Node Structure Of WB BSTs

Being a type of binary search tree closeley related to order statistic trees the nodes of the weight balanced BST are for all intents and purposes identical, though in this particular instance we can dispens with the height field if we wish to save space, as it is not integral to any of the essential functionality.

struct node {
      K key;
      V value;
      int n;
      node* left;
      node* right;
      node(K k, V v) : key(k), value(v), n(0), left(nullptr), right(nullptr) { }
};

Searching in weight balanced BST's is identical to searching in any ther BST (except for splay trees, I suppose), and so I'll skip straight to implementing insertion.

Weight Balanced BST Insertion

I first came across this approach as an exercise in the 3rd edition of Sedgewicks "Algorithms in C++". The basic strategy is to modify a standard BST insertion so that whenever a node with 25% of its child nodes in one of it's subtrees is encountered, we partition that subtree around its median node. Theres a bit to unpack there so we'll start with the easy parts first: Performing a regular BST insertion and calculating the size of a sub tree for a given node.

node* put(node* h, K key) {
       if (h == nullptr)
           return new node(key);
       if (key < h->key) {
           h->left = put(h->left, key);
       } else {
           h->right = put(h->right, key);
       }
       h->n = setsize(h);
      return weightBalance(h);
}

The call to setheight is where we update the nodes size information. While setsize() is simple, it would be rather expensive if we were to calculate the height every time we needed it, so instead we cache it and use size(node*) when we need to read the height without re-calculating it.

int setsize(node* h) {
      if (h == nullptr)
          return 0;
      return 1 + setsize(h->left) + setsize(h->right);
}

int getsize(node* h) {
     return h == nullptr ? 0:h->n;
}

With the size calculation taken care of, we can move onto the balancing step. You'll recall from above that we want to compare the size of a nodes respective subtree's and perform our balancing step only if we encounter a node with 25% of it's children on one side.
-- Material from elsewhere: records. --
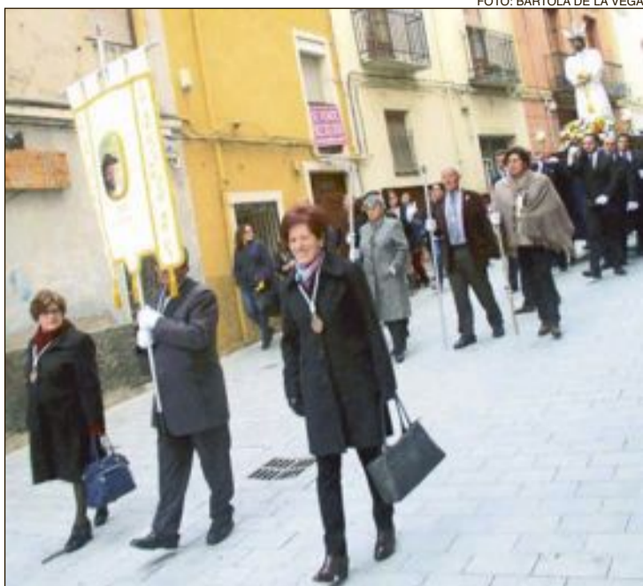
Traslado de la imagen desde la Transfiguración del Señor hasta la parroquia de Santiago Apóstol el domingo 26 de febrero

Con el traslado de la imagen de Jesús Cautivo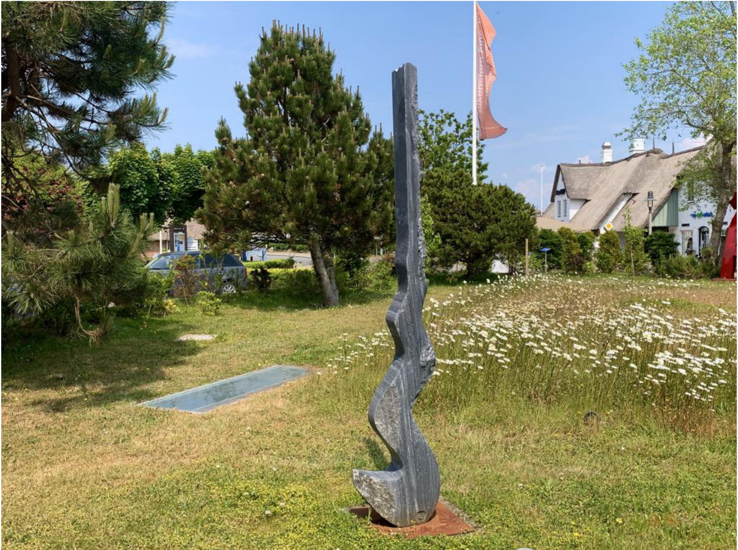
Thomas Reifferscheid - Windungen Vertikal, 2018

Wachauer Marmor aus Österreich, 197 x 37 x 16 cm, © Thomas Reifferscheidt & Galerie Falkenstern Fine Art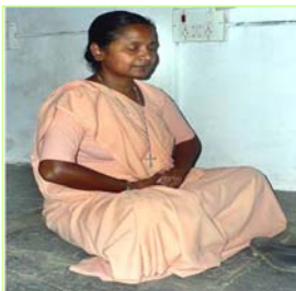
▲这位印度天主教学校的修女教师说：“佛祖来到了世间。”

【明慧网】已经洪传世界八十多个国家的法轮大法，在印度，法轮大法也正在迅速传播，尤其值得一提的是印度学校对大法的认可。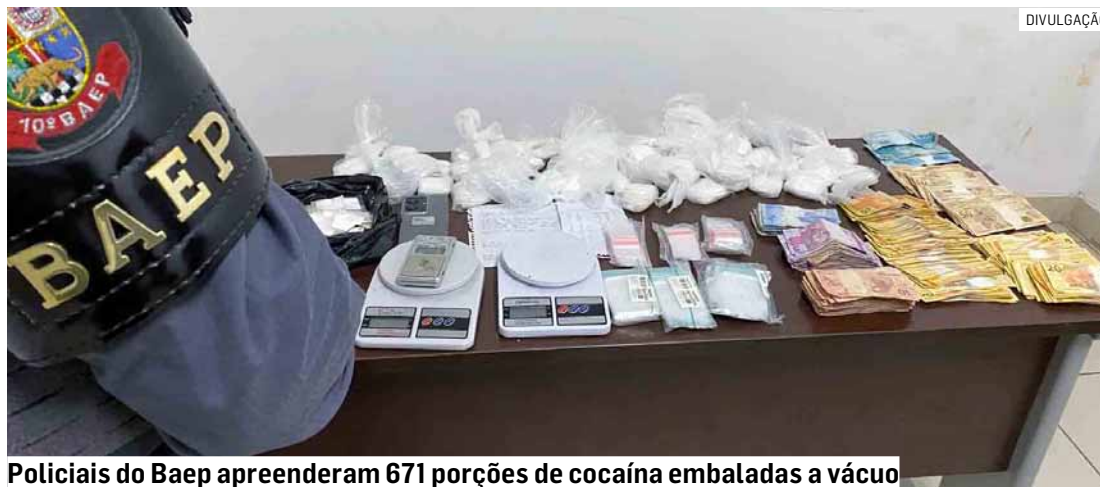
Policiais do Baep apreenderam 671 porções de cocaína embaladas a vácuo

Diante da denúncia, o comando do Baep, com apoio de outras equipes, se deslocou até o endere-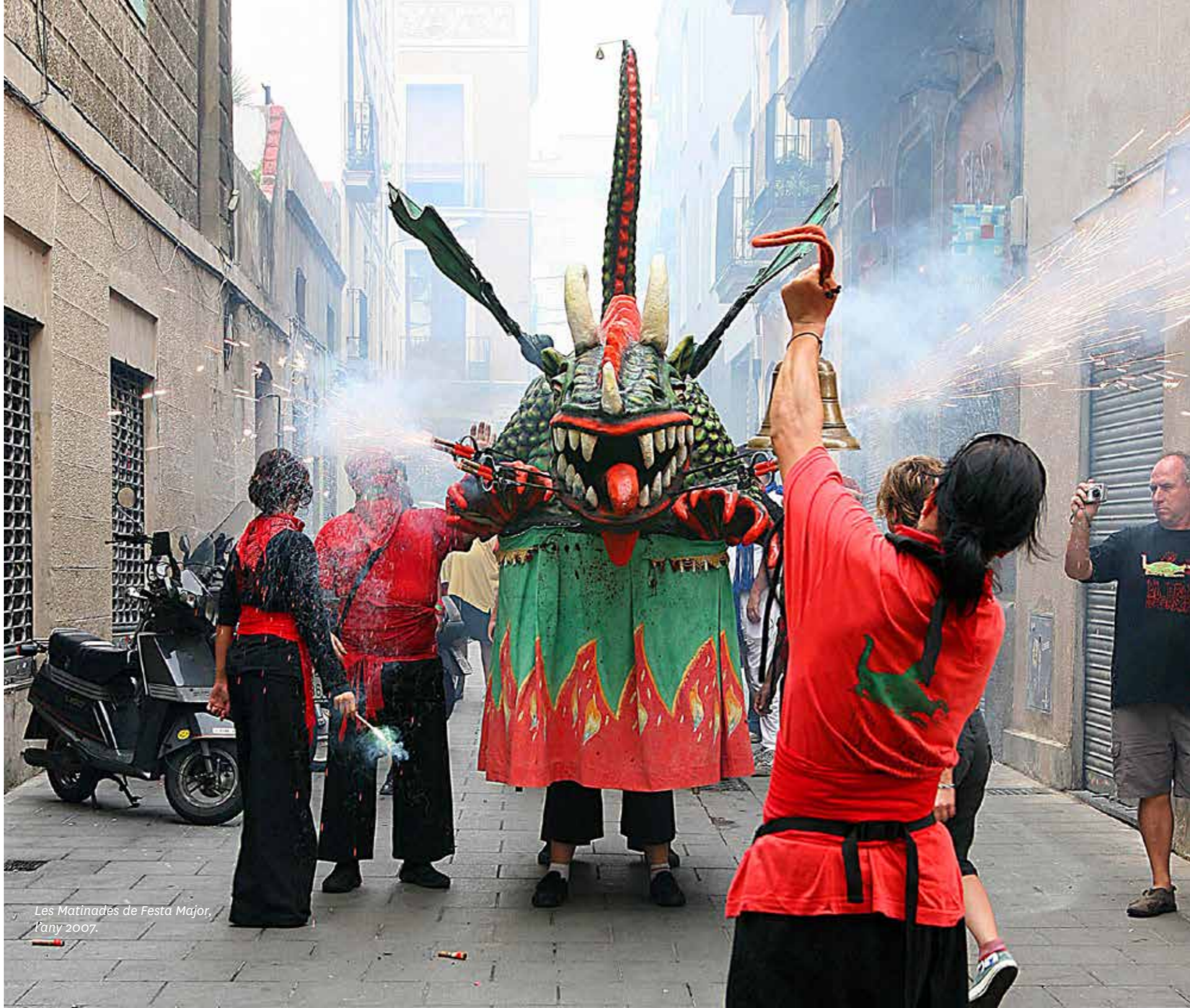
Les Matinades de Festa Major, l'any 2007.

L'inici i el final és a la plaça de la Vila de Gràcia.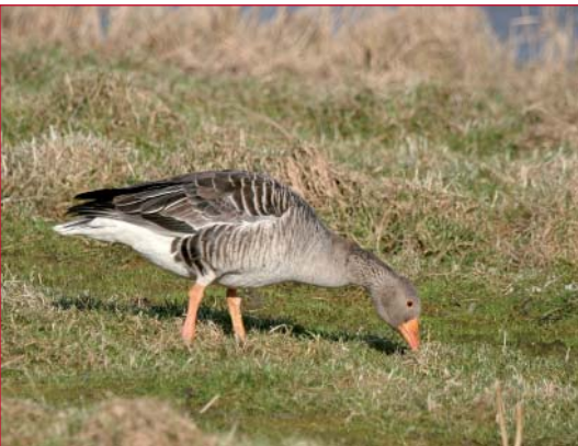
Grauwe gans

De dagen worden weer korter, de herfst is al enige tijd in het land, de winter kondigt zich zelfs stilaan aan. Dit is natuurlijk ook te merken aan de avifauna: de "Vriezeganzen" zijn terug in onze streken. Vandaag bezoeken we, zoals we al vaker hebben gedaan, de Vlaamse Oostkustpolders. Daar brengen elk jaar vele duizenden ganzen, voornamelijk Kol- en Kleine Rietganzen, hun winter door. Hun broedgebieden in het hoge noorden zijn hen 's winters immers veel te bar. Ze vinden er geen voedsel meer, want dat bevindt zich dan gedurende maanden onder een meters dikke sneeuwlaag. Het is voor de ganzen daarentegen aangenaam vertoeven in Vlaanderens natte weiden, waar ze zich de buik rond kunnen eten aan het sappige gras en kruiden. We gaan dan ook een kijkje nemen hoe het hen dit jaar bij ons vergaat. Daarnaast houden we natuurlijk ook al het andere gevogelte in het oog, in de hoop misschien één of andere zeldzamere wintergast in het vizier te krijgen.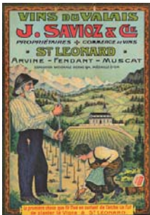
Affiche publicitaire , vers 1920. Médiathèque Valais-Sion.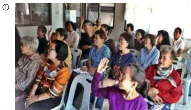
健康的な食事の基本の学習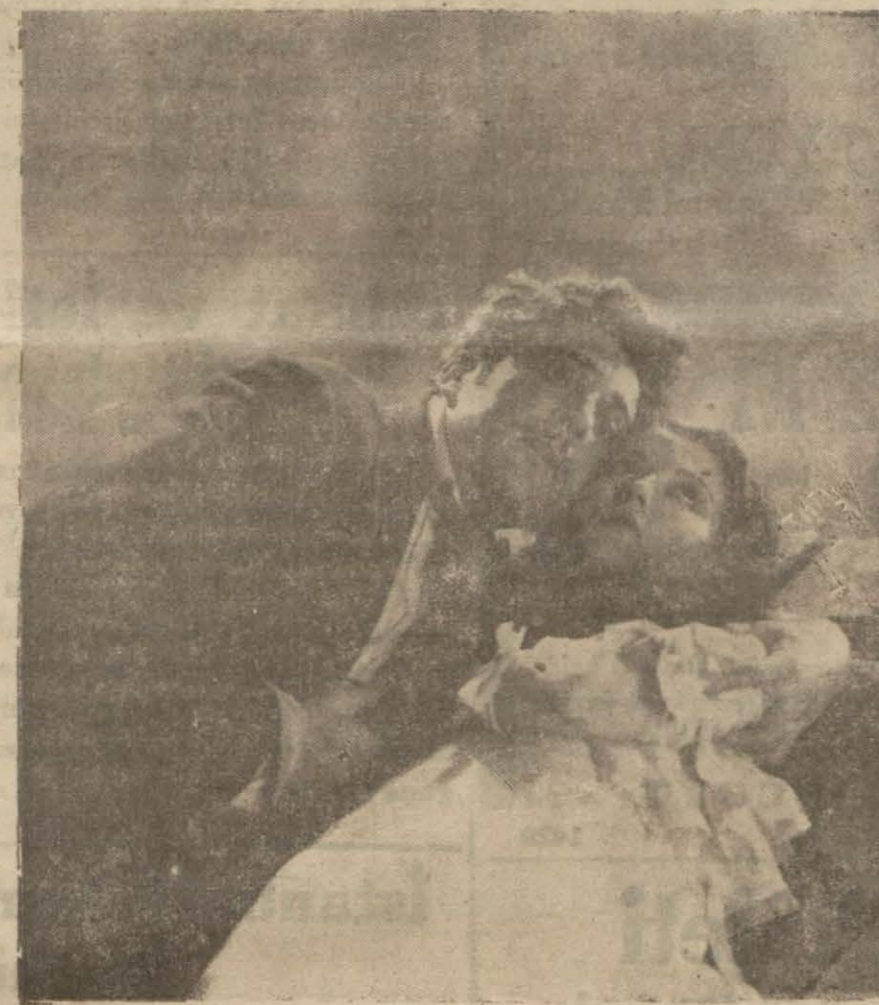
"Morg sokağı cinayeti", filminden bir sahne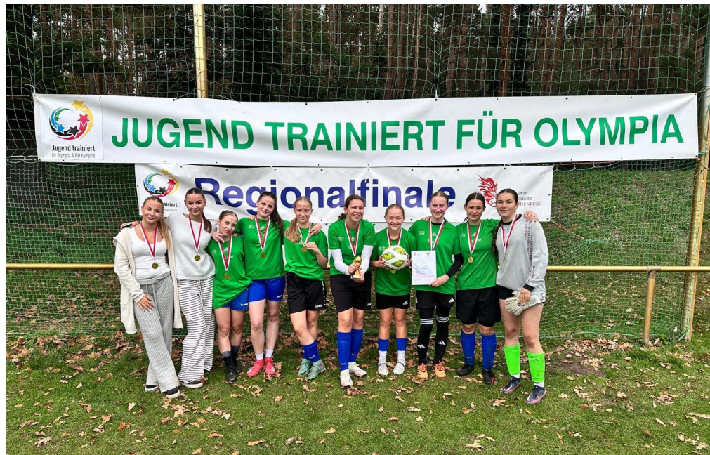
Regionalsieger U17 weiblich Fußball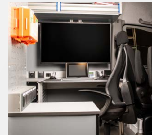
Längseinbau mit DCX5000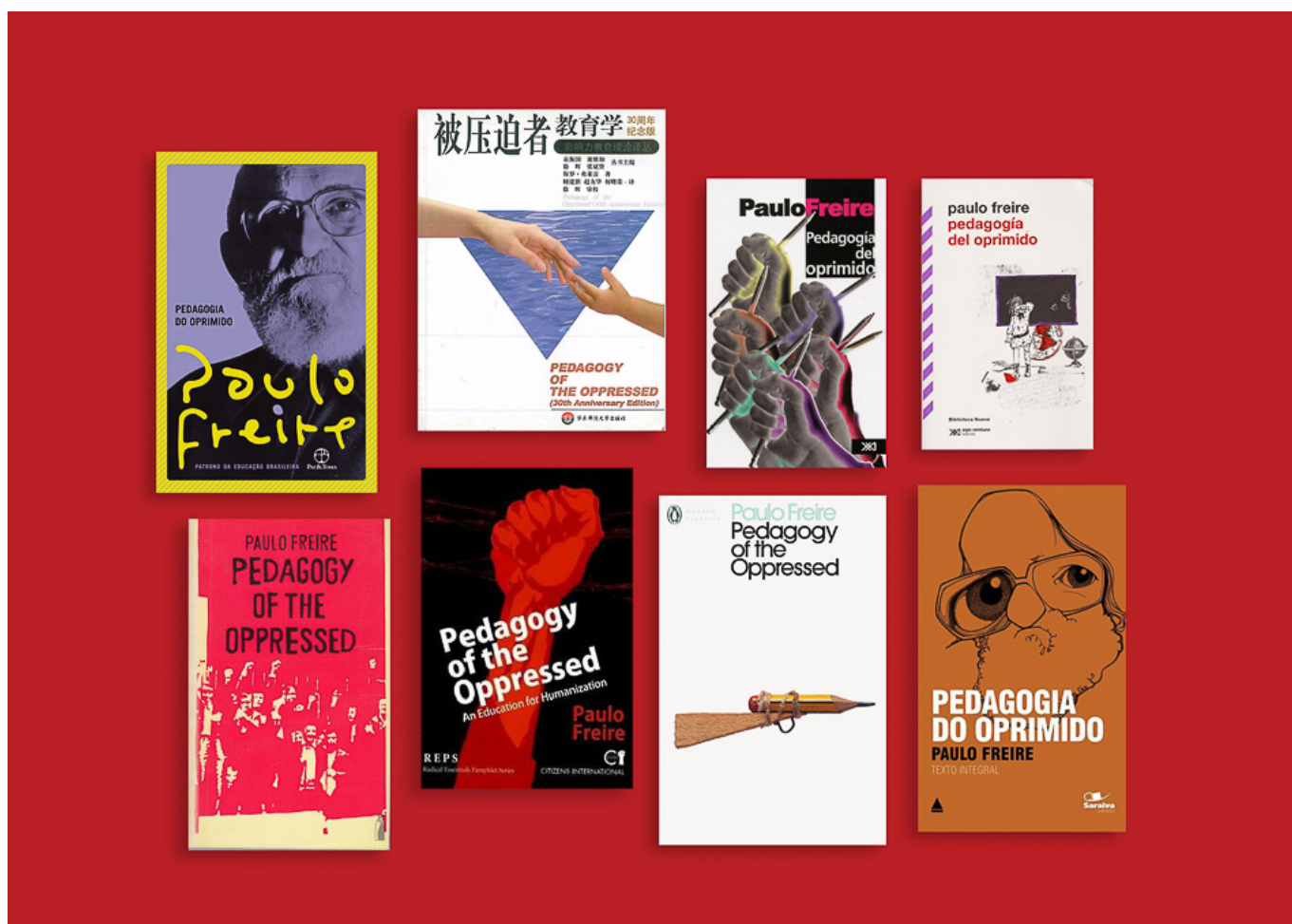
Capas de Pedagogia do Oprimido em diferentes idiomas

A luta pela dignidade é fundamental e foi parte central da ideologia da libertação nacional. Essa foi a premissa da obra de dois pensadores – Frantz Fanon e Paulo Freire – cujos escritos surgiram a partir da libertação nacional e das tradições socialistas que, por sua vez, impactaram essas lutas. Não por acaso nosso escritório do Instituto Tricontinental em Joanesburgo (África do Sul) produziu dois dossiês sobre essas duas figuras importantes: Frantz Fanon: o brilho do metal (mar. 2020), e agora Paulo Freire e a luta popular na África do Sul (nov. 2020). Parte do nosso trabalho no Instituto é olhar para trás para que possamos avançar: voltar às fontes de nossa tradição, estudar cuidadosamente suas importantes lições e, em seguida, desprender-se delas para avançar em nossas lutas atuais. Tanto Fanon quanto Freire – este último influenciado por Os condenados da terra (1961) quando redigiu Pedagogia do Oprimido (1968) – enfatizaram a importância do estudo coletivo e da luta como alavanca para desenvolver a consciência crítica entre as massas. Essa orientação geral sobre a relação integral entre esses dois elementos se faz sentir em nossa própria abordagem no Instituto, como expusemos em nosso dossiê O Novo Intelectual (fev. 2019).

node* weightBalance(node* h) {
       if (h != nullptr) {
           int sl = size(h->left);
           int sr = size(h->right);
           if (sl <= size(h)/4 || sr <= size(h)/4) {
               h = partition(h, (sl+sr)/2);
           }
       }
       return h;
}

The actual balancing is done by paritioning the subtree about the median, so I suppose now would be as good time a time as any to talk about paritioning.

Partitioning a BST: Rank and Roll

Partitioning a binary search tree is an interesting operation, and it's one that exemplifies the connection between binary search trees and quicksort quite well. The algorithm irtsself is almost identical to how one selects a node by rank. The difference is, everytime we branch left our right in the search, we perform a rotation. 

node* partition(node* x, int rank) {
      int leftSize = size(x->left);
      if (leftSize > rank) {
          x->left = partition(x->left, rank);
          x = rotateRight(x);
      }
      if (leftSize < rank) {
           x->right = partition(x->right, rank-leftSize-1);
           x = rotateLeft(x);
      }
      return x;
}

The rotations have the end result of the node being selected by rank ending up as the new root node of the subtree being partitioned. Following that logic, if we partition about the median node than it should follow that tree rooted at that node now has roughly half of its nodes on either side, leaving it weight balanced.

The rotations themselves are no different than for any othere balancing algorithm, but we need to remember to update the sub tree counts after performing the rotations.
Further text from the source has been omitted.